One single inconvertible fact about +Dakin’s time as Bishop is that there are currently quite a number of wounded survivors of an abrasive episcopal pastoral ministry.  I have no access to actual names or situations, but there seems to be a consensus on this point among all those who comment on the Winchester situation.  Cases of bullying, wherever they occur, have a contagious effect.  One person’s bullying can cause a collapse of morale in a family, a parish or an entire deanery.  The would-be complainants at the Winchester Diocesan Synod last June, knew from their personal acquaintance, some of these traumatised individuals in the diocese.  The individual cases of the traumatised were not only those directly affected by the bully’s actions, but others who knew about them.  If we leave to one side all the other financial and administrative issues which seem to have played a part in the complaints against the Bishop, we still have this issue of damage and hurt.  How does one deal with such things?  In the Winchester situation, the moment for reconciliation between perpetrator and victims seems to have long passed.  The climax of the service, combining the powerful words of Wesley and the obvious distress of the reader were indeed moving to the hearer.   What was really going on for +Dakin?  Were we listening to words that convey his deep regret for actions that have caused so much hurt?  Quite possibly this liturgical moment in front of the high altar of Winchester was indeed an attempt at such contrition.  It may of course have been equally an attempt to use high emotion to win over, even now, members of the Diocese that had been increasingly alienated from his ministry over the years.  Another possibility is that the tears were of incomprehension and personal pain. Were the tears, in short, uttered for him or for the many he has wounded by his harmful ministry?
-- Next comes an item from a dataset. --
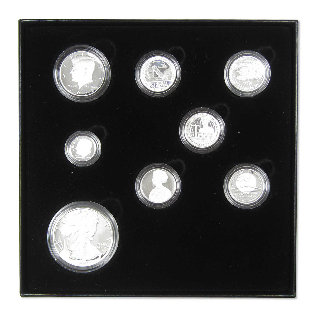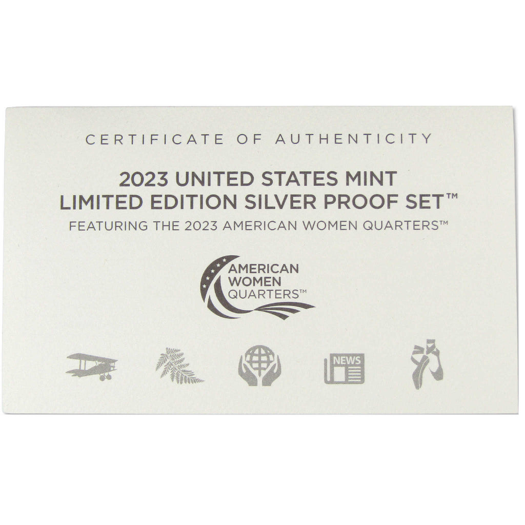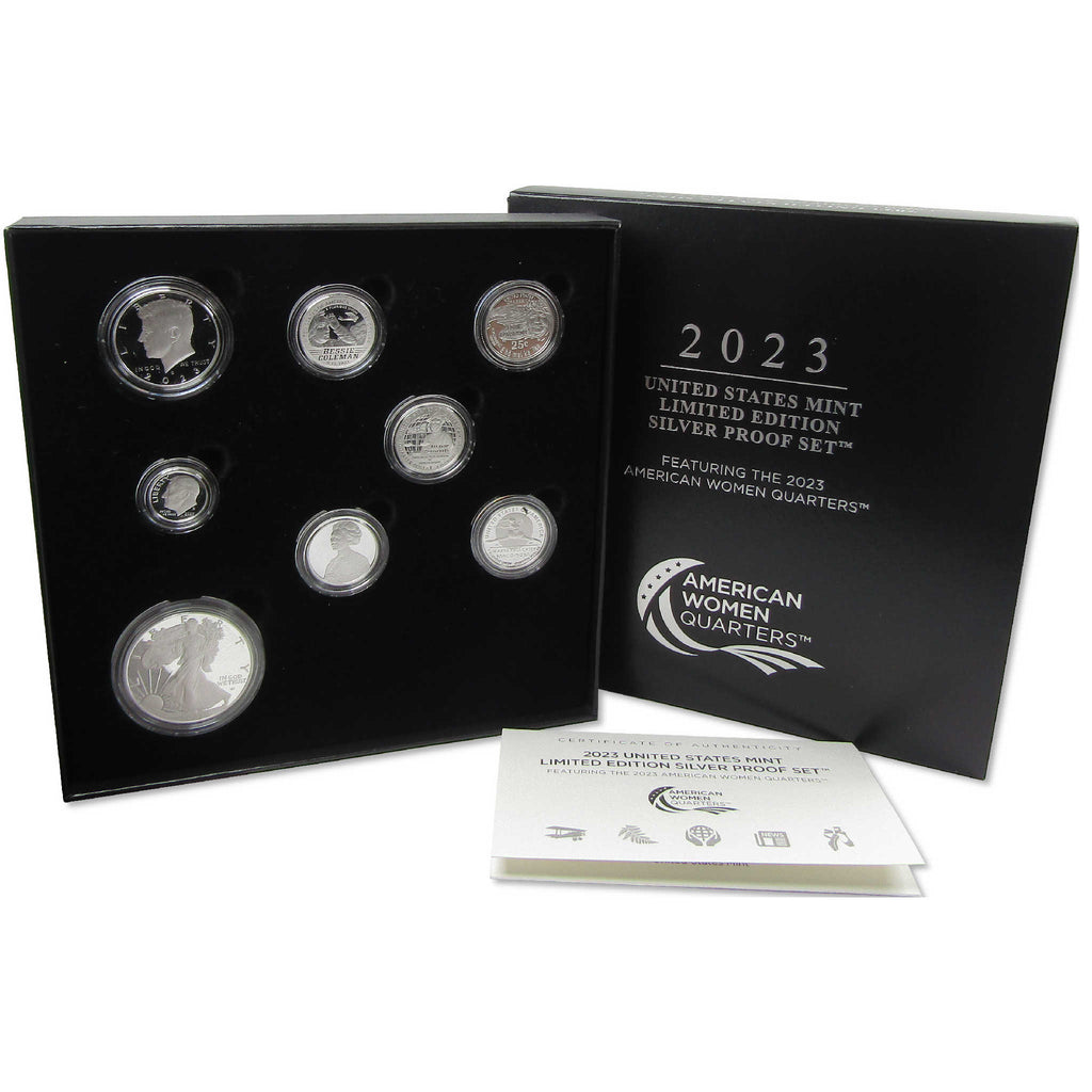 The 2023 Limited Edition Silver Proof Set from the U.S. Mint features eight proof coins struck in 99.9% fine silver at the San Francisco Mint. The set contains one American Eagle 1 oz Silver Proof Coin, one Kennedy half dollar, one Roosevelt dime, and all five American Women Quarters, with reverse designs honoring Bessie Coleman, Edith Kanaka'ole, Eleanor Roosevelt, Jovita Idar, and Maria Tallchief. Each coin is encapsulated and placed in a beautifully designed package. A certificate of authenticity accompanies each set.

The drama of the farewell may have been a combination and confusion of all three.  Each reader is invited, after watching the event, to make their own assessment of what was really going on at this point in the service.  There are unlikely to be any correct answers.
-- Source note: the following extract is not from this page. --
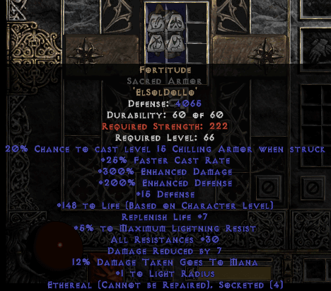 Buy Diablo 2 Fortitude Sacred Armor Eth Bugged 30 Res 1 1 5 Life At D2trophy Com

Looking at the whole episode that unfolded in Winchester last Saturday I am left to wonder whether anything can be lifted from the events of last Saturday and applied to the whole Church. In thinking about the tears shed by the Bishop, I am reminded of the sometimes intense emotional ambiance of reconciliation work undertaken by the Bridge Builders organisation. The Winchester event may have lacked many of the necessary ingredients that would achieve a successful reconciliation for those who have been abused sexually or spiritually. There were, however, some elements which might well play a part in such a liturgical/reconciliation process. Whatever the origin of the cracking voice and the tears that could not be held back, they do form part of a potential, as yet unwritten, future liturgy of remorse and contrition which might bring together those guilty of neglect and abuse and the abused.  The early Christian fathers knew about the part of tears in the expression of remorse for sin.  Somehow +Dakin’s action in front of the altar may, in fact, be his unwitting offering to the Church.  He may be remembered, not for his numerous mission initiatives, but for this simple act of breaking down before the altar of his cathedral.  In this act he may have been pointing us paradoxically to something that the whole Church desperately needs to discover and make its own.